Sorsha frowned in concentration. “It was definitely big—although hard to say how much of that impression is relative to when I was a preschooler. I only remember it when it was dark. Maybe not full night but evening. And that smokiness moving toward the sky?—”
“That.” His fingers tightened where he was gripping her. “There’s a glamour on your memory. I can feel it coming through when you try to verbalize the scene. Your fae must have put it there.”
“Why would Luna have messed with that memory?”
“That’s the question, isn’t it? Maybe to make sure you didn’t go back. All the more reason I should break it. A nearly twenty-five-year-old bit of fae flim-flam shouldn’t be too difficult to dispel. Keep focusing on that image.”

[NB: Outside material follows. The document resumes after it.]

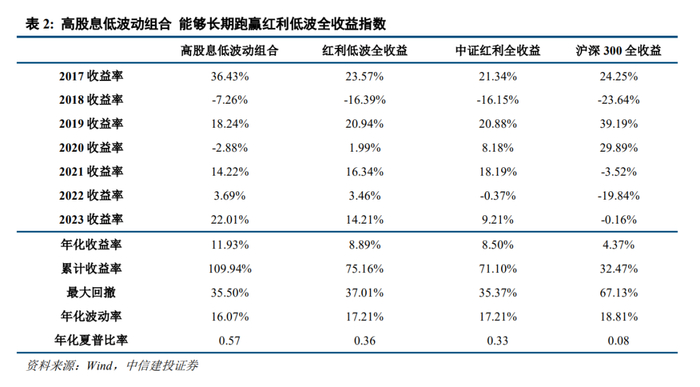 改进表现:在引入股价波动率作为核心筛选指标后,我们构建的高股息低波动组合表现较好。在2017-2018, 2022-2023年跑赢红利低波和中证红利指数,仅2019-2021三年间略有跑输。总的来看,2017年年初以来,高股息低波动组合累计收益率达到109.94%,大幅超过红利低波全收益和中证红利全收益的75.16%和71.10%,年化收益率高达11.93%。同时最大回撤控制在35.5%与中证红利全收益相当,年化波动率也小于其他三个指数。总体来看,我们的高股息低波动组合2017年以来年化夏普比率达到0.57,全面优于红利低波全收益、中证红利全收益和沪深300全收益指数。

Sorsha tensed. “What are you going to do? Is this some kind of mind-reading trick you never mentioned?”
Omen shook his head. “Don’t worry, Disaster. I’ve got no interest in unraveling the entire contents of your head. I can simply sense the magic there when you’re concentrating on the information it’s clouding. And I can break it, if you’ll let me.”
She exhaled slowly. “All right then.”
Her eyes closed as she must have brought the memory back up, and Omen’s did too. The rest of us watched silently—even the damned imp, though she was squirming in excited anticipation.
Our commander’s hand gave a little tug on Sorsha’s shoulder, and her eyes widened. Then she laughed. “It wasn’t smoke. It was bats . A whole cloud of them, soaring up past the bridge.”
Ruse snapped his fingers. “I know where that is. It figures you’d have come from a city with plenty of shadowkind.” He nudged the devourer. “Sounds like we’re heading down to Austin.”
“Austin,” Sorsha repeated as if trying out the word. She smiled, but hesitantly. Maybe wondering the same thing I was.
If her fae guardian had taken steps to meddle with that memory, what else might she have hidden in our lady’s mind?